I agree with moms who said to take things away, but what you take away - whether it's something long-term like a month of grounding or something shorter term, like the ability to spend one night with a pal - depends on your kid's maturity level.
Some teens still need "immediate consequences," rather than a long grounding. Having been through it with my first family, I learned that when you ground some kids for a long time, it seems like forever to them and they think, "well, I've already lost everything. What does it matter what else I do now?" and they turn around and do thing after thing after thing. Pretty soon, you've got them grounded (and ignoring it) for the rest of the year. You've lost your leverage.

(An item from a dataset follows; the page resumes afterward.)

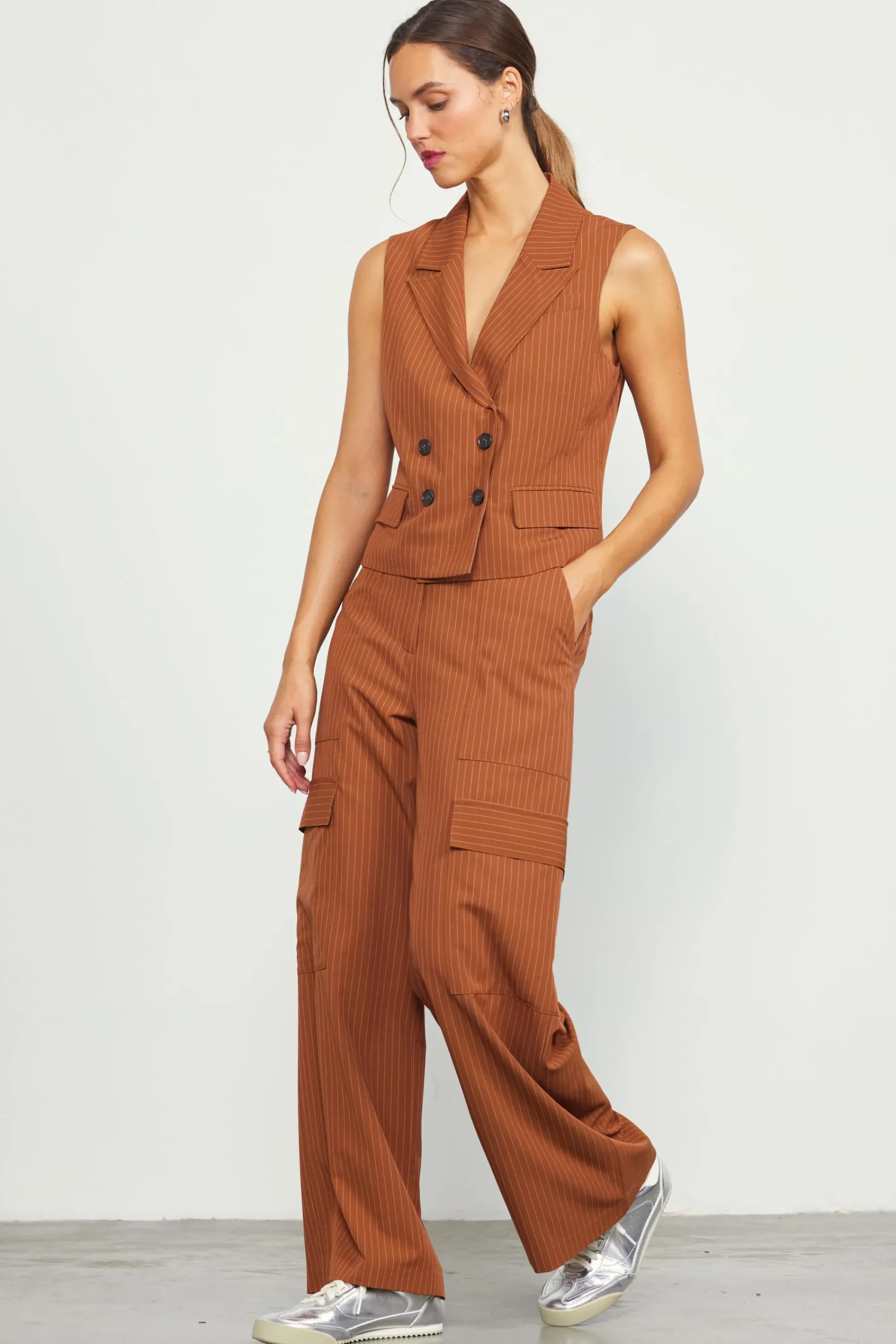 Menswear-inspired tailoring, updated for the warmer months. Done in classic pinstripes, this double-breasted vest features a sleeveless silhouette with peak lapels and flap pockets. Go for a summer take on the power suit by pairing it with our pinstriped jumpsuit or the matching pants.

Much better to take something immediately important away. Like, "Sorry, you can't go to the Mall with Jessica today because...." Or take a smaller thing away - grounding is basically EVERYTHING - like "come straight home after school" so that you have other things to take away if necessary.
Another thing I learned - if you haven't yet educated your child that your feelings and needs are just as important as hers' this is a good time to do that. Instead of just telling your daughter that her behavior is prohibited, begin telling her what you are afraid of. Begin talking to her as a human being with feelings and fears. This worked for me big-time. My kids started thinking of me as someone who had fear and pain when they disappeared with their friends for hours, failed to answer their cell calls, etc.
Good luck. This is the scariest and hardest time. My 22 and 24 year olds are human beings again, fortunately, but I have three more coming up behind, and I'm really not excited about it!